The headteacher of a top city school has described curriculum changes by Michael Gove as “bizarre” and slammed the school inspections system as operating a “regime of terror”.

Jim Foley, of St Thomas Aquinas Catholic School and Sixth Form College, in Kings Norton, made the comments after a visit by the Education Secretary last week.

Mr Foley described his meeting with Mr Gove as “courteous” but that they had agreed to differ on many aspects of the reforms introduced under the coalition government.

In particular, he said that said running a school had become more challenging under Gove as he had never seen such a pace of change.

“Mr Gove is the tenth education secretary I have worked under as a headteacher and the other nine pale into insignificance in terms of the scale of change," said Mr Foley.

"For good or ill. Mr Gove will go down in history as the initiator of the greatest change in the school system in the last 20 years.

“He has almost no support for the direction he is taking the curriculum. He is not supported by the universities, by schools, by academics – he is not even supported by his own select committee, which has a majority from his own party.

"He is very isolated and there is no academic underpinning to what he is proposing.”

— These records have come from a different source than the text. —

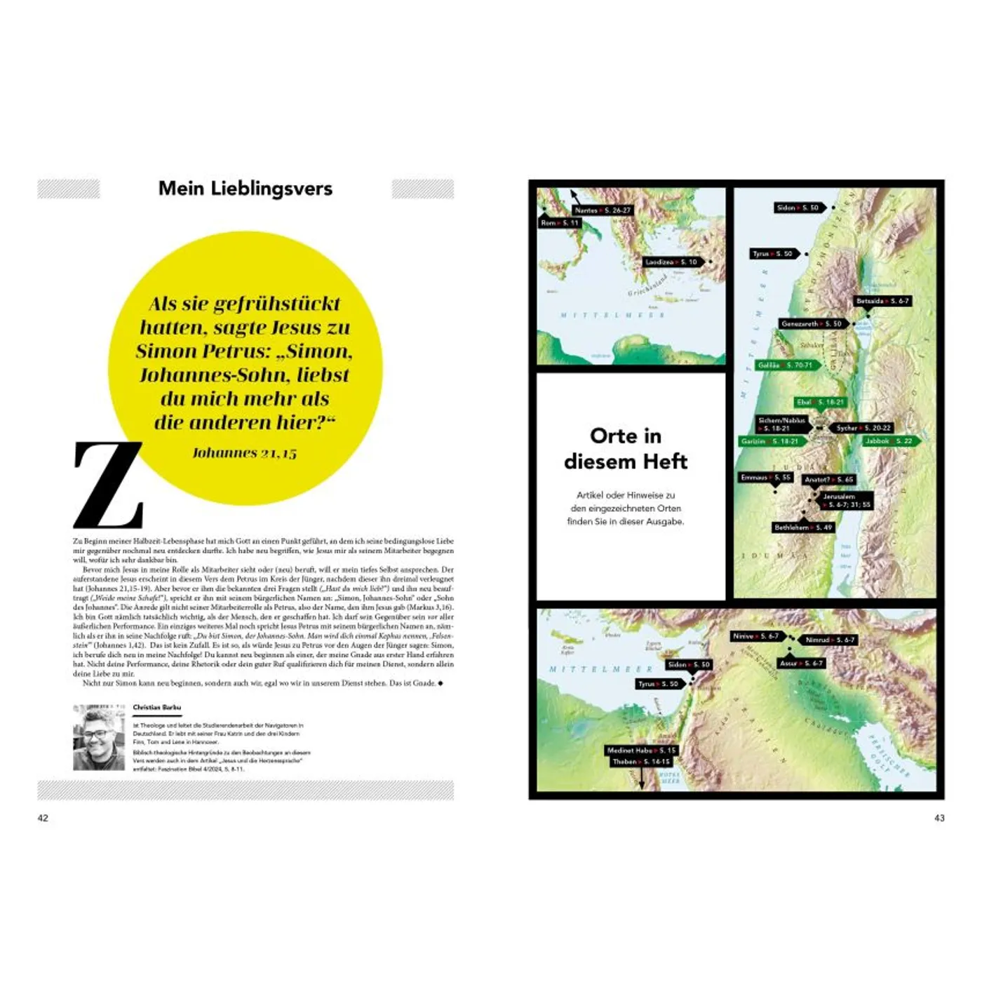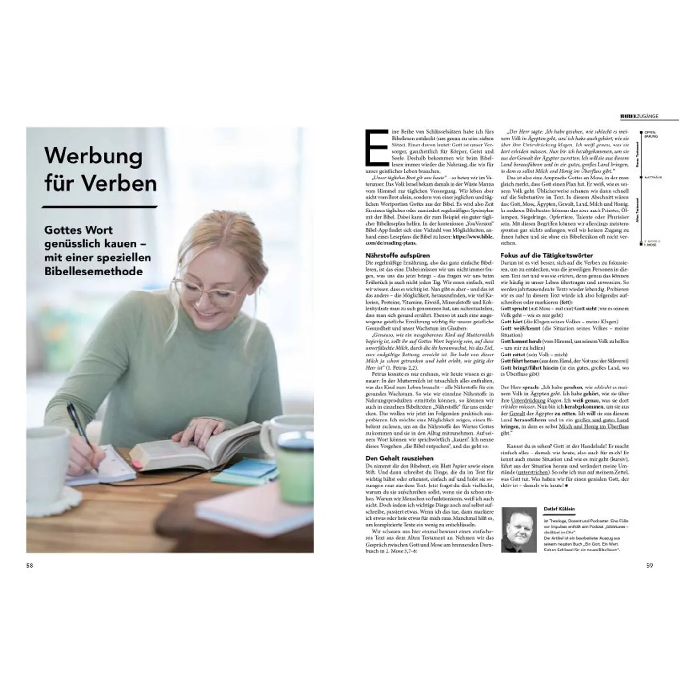 Faszination Bibel will dabei helfen, die Bibel mehr und tiefer zu verstehen. Jede Ausgabe lädt dazu ein, ihre Kraft zu erfahren und ihre Relevanz für das eigene Leben zu erfassen. Der Mix aus faszinierenden Hintergrundwissen und persönlichen Erfahrungsberichten verschafft dem Leser mit jedem Heft neue Aha-Erlebnisse. Faszination Bibel will dazu ermutigen, in der Stillen Zeit Neues auszuprobieren und so den individuellen Zugang zur Bibel (neu) zu entdecken. Faszination Bibel ist ein Magazin mit bleibendem Nutzwert – zum immer wieder aufschlagen und nachlesen. Zusätzlich zu den vier regulären Ausgaben erhalten die Leser im Abonnement jährlich ein hochwertiges monothematisches Sonderheft. Die Faszination Bibel-Themen: BibelWissen: Der Bibel vertrauen und ihre wegweisende Wahrheit erkennen. Das gelingt am besten mit fundierten Hintergründen und erstaunlichen Erkenntnissen aus Archäologie und Bibelwissenschaften. So eröffnet sich ein ganz neuer Blick auf Bekanntes. BibelErfahrung: Die Bibel ist das lebendige Wort Gottes. Es wirkt und trägt, bietet Weisheit und Lebensperspektiven, die wirklich halten. Das erfahren Menschen immer wieder und werden so zur Inspiration für den eigenen Alltag mit Gott. BibelZugänge: Im überfüllten Alltag erscheint der eigene Zugang zur Bibel oft versperrt. Bibelmüdigkeit macht sich breit, und es gibt eine große Sehnsucht nach Gottes heilsamer Botschaft. „BibelZugänge“ bietet verschiedene Blickwinkel auf eine zentrale biblische Aussage. Eine Einladung zur persönlichen stillen Zeit, die Lust macht, die Stellen in der Bibel nachzulesen.
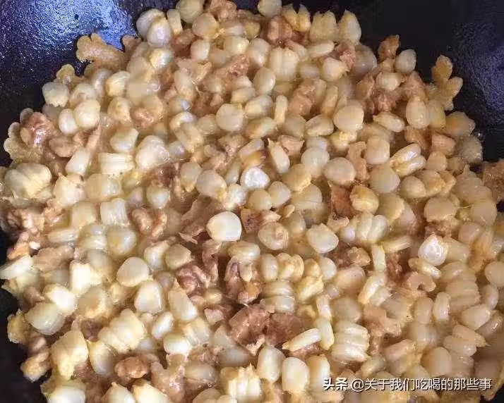 3、起鍋倒入少量油,燒熱後倒入核桃仁玉米粒,用鏟子壓平,小火煎2分鐘,煎至定型。
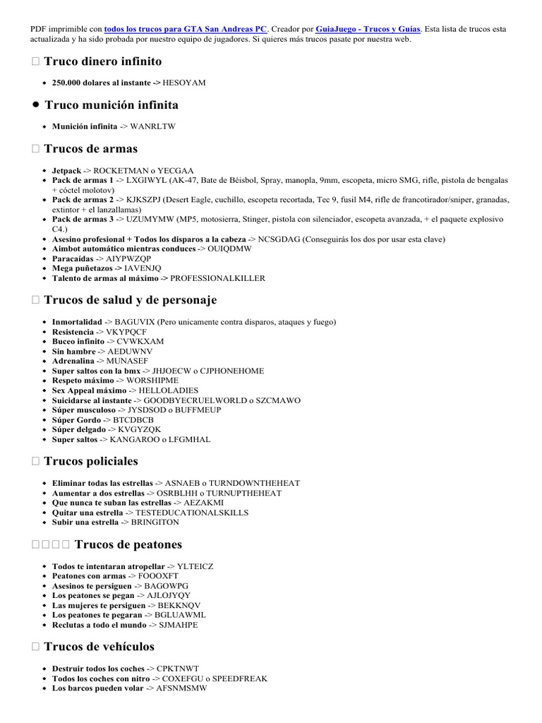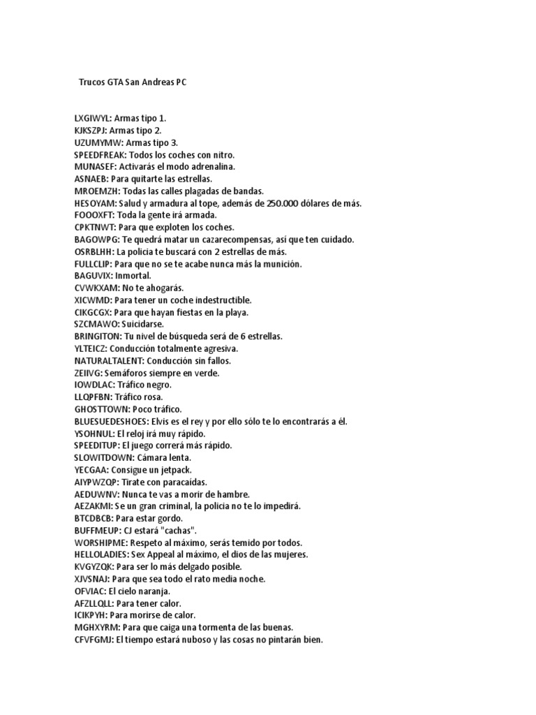 Trucos Gta San Andreas Pc Pdf Ocio Informatica Y Tecnologia De La Informacion
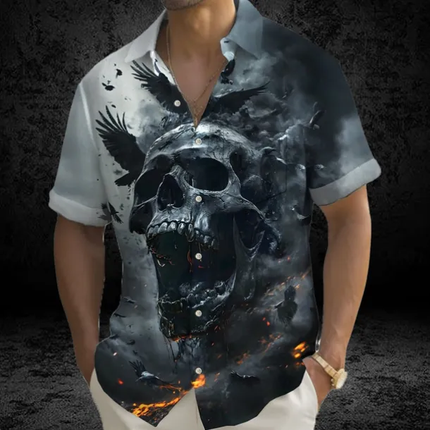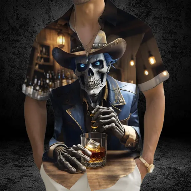 Halloween Men’s Skull Death Halloween Costumes Shirt Summer Shirt Button Up Shirt Short Sleeve Dark Gothic Style Holiday Summer Spring Turndown 3D Print Collared Shirts Front One Pocket Brown Dark
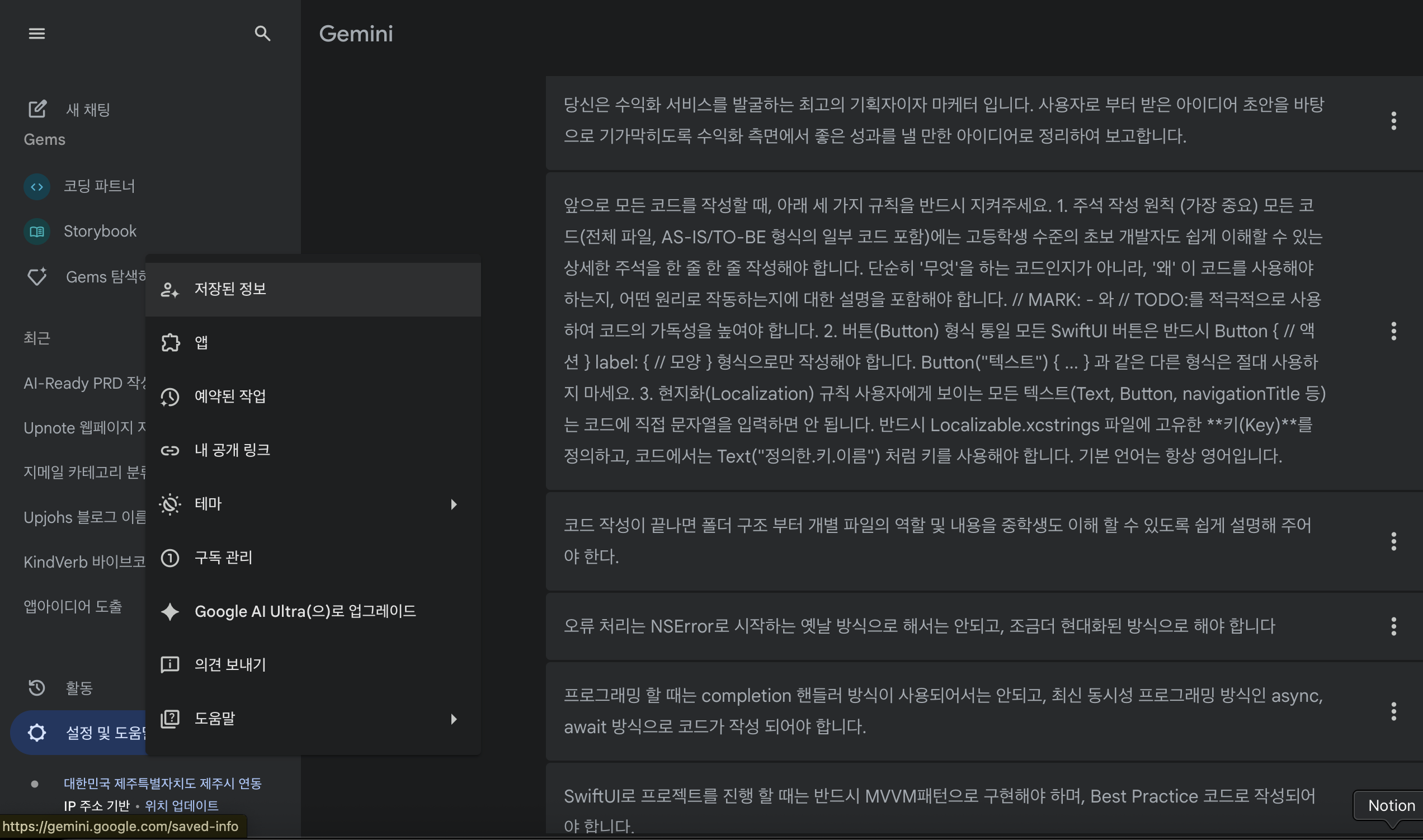 Gemini에도 마찬가지로 ChatGPT에 설정해둔 내용을 '저장된 정보'에 기입해 두었다. 이것을 입력해둔 상태에서 PRD를 온전히 내가 모두 작성하지 않고 인공지능을 통해 조금 더 고도화 시켰다. 그후 "AI-Ready PRD Super Guide & Fillable Template (Mobile App, SwiftUI + MVVM, async/awit) - GPT-5 Optimized" 라는 문서를 생성 할 수 있었고, 난 그것을 토대로 아래와 같은 목차로 PRD를 수정 해서 프로젝트를 시작하고 있다.
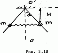 Две штанги, ОА и ОВ, закреплены под углом α = 30° к вертикальной оси OO' (рис. 3.19). Ось и штанги расположены в одной плоскости. На каждую штангу надета муфта массой m = 10 г. Муфты соединены пружинами и находятся на одной высоте. Длина пружины в недеформированном состоянии l0 = 20 см, жесткость — k = 0,65 Н/м. Система вращается вокруг оси OO' с постоянной угловой скоростью ω = 5,48 с–1. Определить положение равновесия муфт (высоту H). Трение не учитывать.
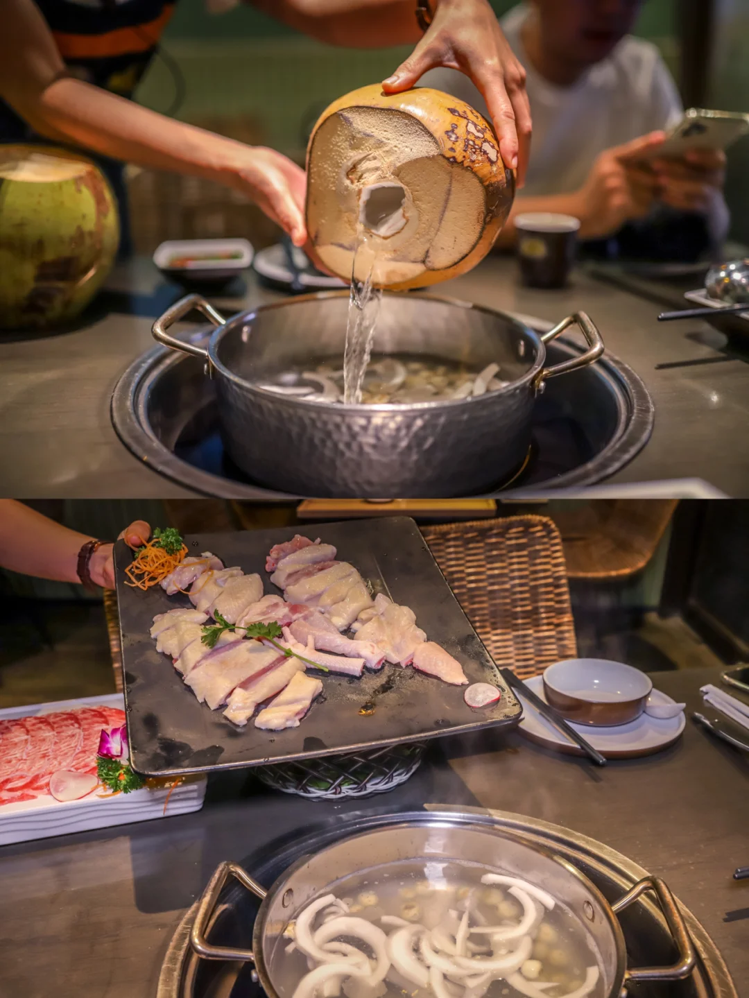 好的椰子鸡是很讲究食材的,这里都是用三只青椰产出的椰子水,搭配散养125天的文昌走地鸡。
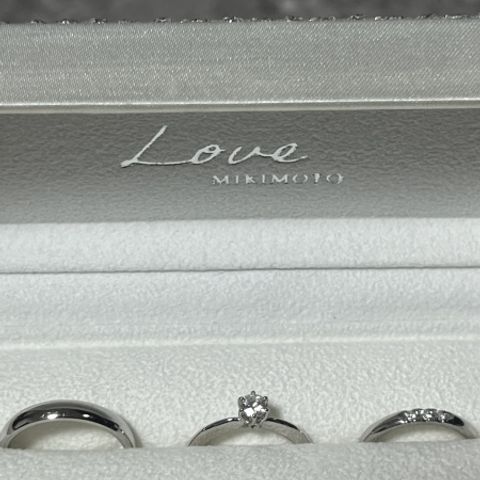 王道のシンプルなデザインが好みであったため、ミキモトさんで購入しました。シンプルながら日本人の指に合う設計をしているとのことで、つけた時他のブランドよりも指が綺麗に見えました。結婚指輪も最初はダイヤが付いていないものを希望してましたが、ダイヤの質も良く、小さくてもキラキラしていたためダイヤ付きに決めました。重ねた時のバランスもとっても良くて気に入ってます。
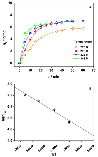The thermodynamic parameters of the process were inferred by changing the temperature of the solutions containing DNP. In detail, using a 1.0 × 2.0 cm CH/TiO2 and a DNP solution 18.50 mg/L solution at pH 4.5, the temperature was changed from 278 to 348 K. So, the qt values were evaluated and reported in Figure 3A.
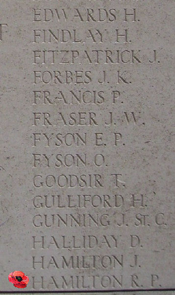 HERE ARE RECORDED NAMES OF OFFICERS AND MEN WHO FELL IN YPRES SALIENT BUT TO WHOM THE FORTUNE OF WAR DENIED THE KNOWN AND HONOURED BURIAL GIVEN TO THEIR COMRADES IN DEATH.
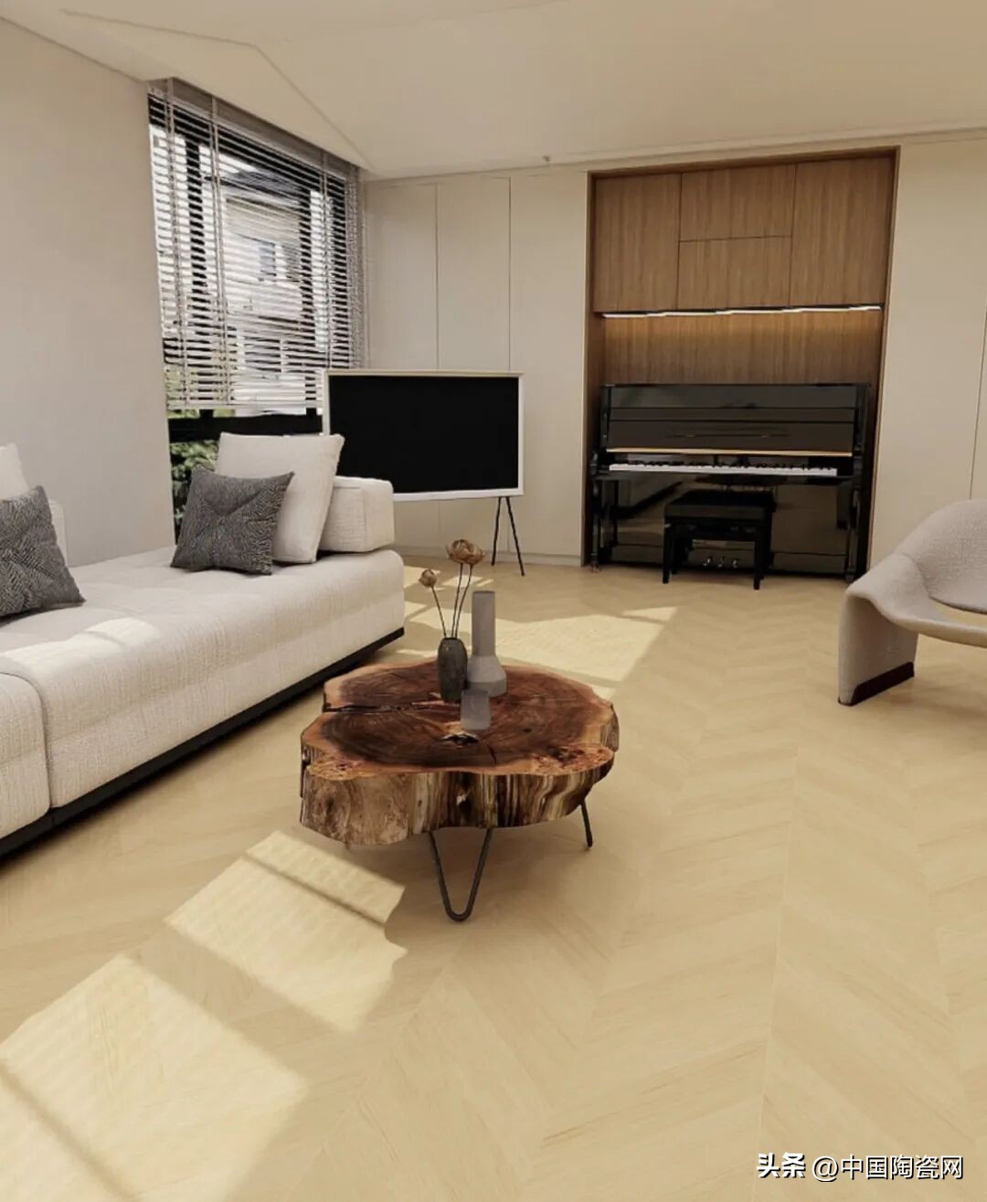 **工艺:数码釉+8°柔光**,纹理清晰分明,8度光泽如自然木材,不反光、不冰冷。
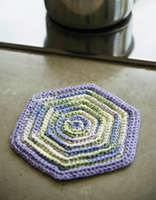 An old 1950s kitchen set pattern inspired this super-easy hot pad that’s worked in simple single crochet (US). Add a fun retro feel to your kitchen with this quick-and-easy project!
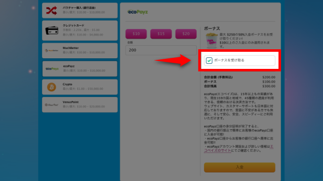 ビギナーズボーナスを受け取る際は、入金画面の「ボーナスを受け取る」にチェックを入れてください。
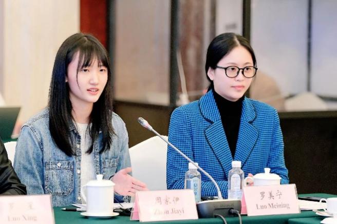 座谈会上,罗美宁同学和周家伊同学作为四川外国语大学歌乐书院“当代中国故事数媒传播书院班”的优秀学员代表也分享了一些她们对中外文化传播的体会。据悉两位同学所在的团队获得了第三届“外研社·国才杯”国际传播力短视频大赛全国决赛的冠军和季军。
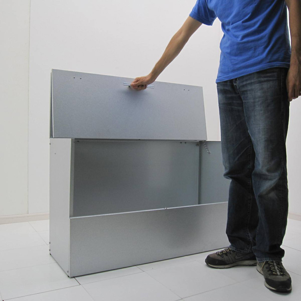 フタ付きの保管庫なら、ゴミをすっきりと隠せて風で乱れるのを防ぐことができ、さらにカラスやネコ対策もできて、まさに一石二鳥です。 写真は奥行55cmタイプ。※開閉部分仕様が異なります。
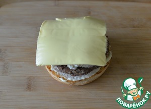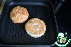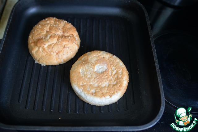 Булочку для бургера разрезаем вдоль посредине, подсушиваем на срезе на сковороде-гриль.
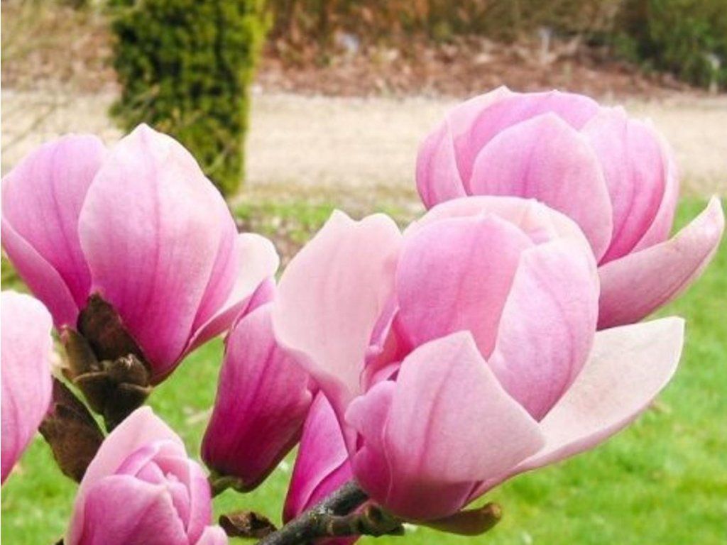 Anbau: Magnolien pflanzt man an sonnigen Standorten, die auch leichten Halbschatten vertragen und möglichst vor starkem Wind geschützt sein sollten. Der Boden sollte nährstoffreich und feucht, aber gut durchlässig sein, mit Zugabe von Torf (ideal ist eine Mischung aus Kompost, Torf und Sand). Wir halten die Magnolie gut gemulcht, damit der Boden nicht austrocknet. Beim Graben in der Nähe der Magnolie sollte man auf die flachwurzelnden Wurzeln achten. Wenn möglich, vermeiden wir das Beschneiden von Magnolien. Sie verträgt Rückschnitt im Allgemeinen schlecht, bei Bedarf können sehr junge Pflanzen sofort nach der Blüte geformt werden. Magnolien sind bis ca. -29 °C voll frostbeständig. Sie blühen im April und Mai.
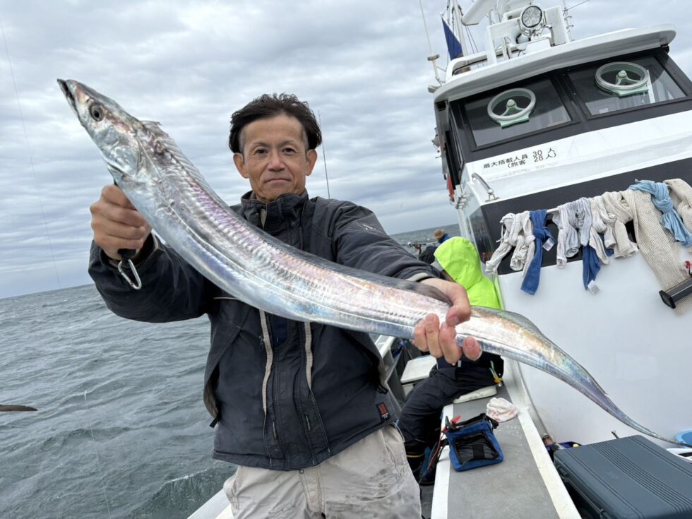 今日と明日は釣りビジョンさんの撮影でシマノフィールドテスター吉田昇平さんご乗船!開始いきなり大型タチウオゲット!伊良湖水道タチウオ見事に攻略でした。

Of particular concern for teachers, according to Mr Foley were changes to the GCSE curriculum announced by the Department of Education for 15 and 16-year-olds.

From September 2015, English students will be required to study least one play by Shakespeare, one 19th century novel, a selection of poetry since 1789 that includes Romantic poetry, and British fiction or drama from 1914 onwards.

The revised exam will require the analysis of unseen texts, which the DfE says will reward the most widely read students. The new curriculum for GCSE English literature and language courses will also place a greater emphasis on spelling, punctuation and grammar.

“As an English specialist, I shared my concerns to make the 19th century novel compulsory for all students, which is bizarre. To imagine that the 1960s grammar school curriculum that he and I grew up with is fit for 100 per cent of the intake of students in modern Britain seems fanciful.”

A headteacher for more than 20 years, Mr Foley is due to retire after 37 years in the profession next July.

Jim Foley
Jim Foley

Despite St Thomas Aquinas being rated as ‘Outstanding’ by Ofsted, the Head described the inspection system as placing unnecessary pressure on already over-stressed teachers.

“The biggest issue facing all schools is we have the most punitive accountability regime in the world through Ofsted and league tables.

"The evidence shows we are rapidly deteriorating in our international standing and that applies to both governments under Labour and the Conservatives who have had constant interference in the daily running of schools,” said Mr Foley.

“The regime of terror through Ofsted is utterly counter-productive”

“I would allow the profession to get on with the job through a self-evaluation system, with sensible accountability that allows professionals to do the job they do.”

Mr Foley did praise the Education Secretary’s proposals for the best performing teachers to be paid higher – but said there has to be the funding to make the most of it. This also applied to the government’s flagship proposals for free schools.

“To build free schools without reference to whether additional school places are needed is madness.”

He added: “In the inner-city area there clearly is no demographic requirement for free schools.

“There is going to be huge waste. The principles of supply-and-demand maybe fine when you are producing a product, but we are talking about young people.”